Folklore and Facts About Managerial Work

There are four myths about the manager’s job that do not bear up under careful scrutiny of the facts.

Folklore: The manager is a reflective, systematic planner. The evidence on this issue is overwhelming, but not a shred of it supports this statement.

Fact: Study after study has shown that managers work at an unrelenting pace, that their activities are characterized by brevity, variety, and discontinuity, and that they are strongly oriented to action and dislike reflective activities. Consider this evidence:

Half the activities engaged in by the five chief executives of my study lasted less than nine minutes, and only 10% exceeded one hour.1 A study of 56 U.S. foremen found that they averaged 583 activities per eight-hour shift, an average of 1 every 48 seconds.2 The work pace for both chief executives and foremen was unrelenting. The chief executives met a steady stream of callers and mail from the moment they arrived in the morning until they left in the evening. Coffee breaks and lunches were inevitably work related, and ever-present subordinates seemed to usurp any free moment.

A diary study of 160 British middle and top managers found that they worked without interruption for a half hour or more only about once every two days.3

How often can you work for a half an hour without interruption?

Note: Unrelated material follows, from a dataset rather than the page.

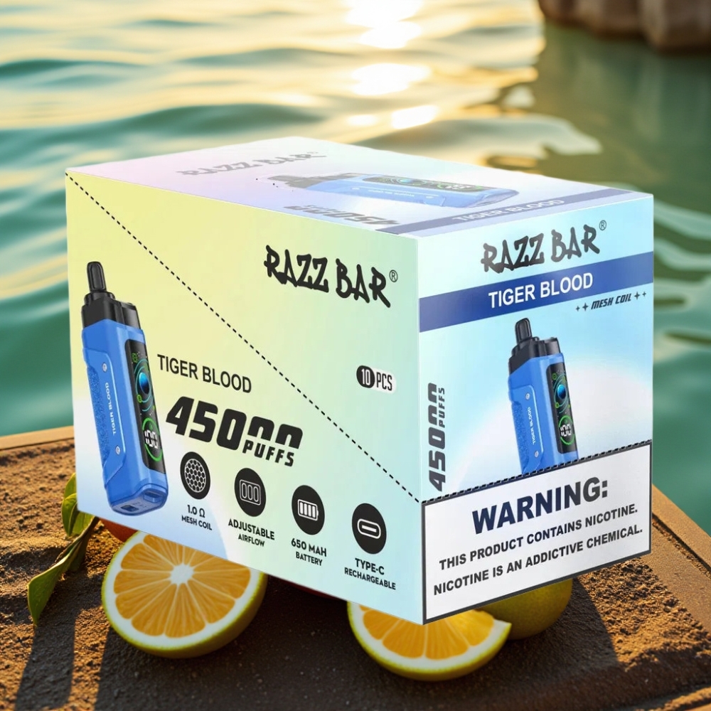 Razz Bar 45000 Puffs Tiger Blood Disposable Vape with Mesh Coil & Adjustable Airflow

Of the verbal contacts the chief executives in my study engaged in, 93% were arranged on an ad hoc basis. Only 1% of the executives’ time was spent in open-ended observational tours. Only 1 out of 368 verbal contacts was unrelated to a specific issue and could therefore be called general planning. Another researcher found that “in not one single case did a manager report obtaining important external information from a general conversation or other undirected personal communication.”4

Is this the planner that the classical view describes? Hardly. The manager is simply responding to the pressures of the job. I found that my chief executives terminated many of their own activities, often leaving meetings before the end, and interrupted their desk work to call in subordinates. One president not only placed his desk so that he could look down a long hallway but also left his door open when he was alone—an invitation for subordinates to come in and interrupt him.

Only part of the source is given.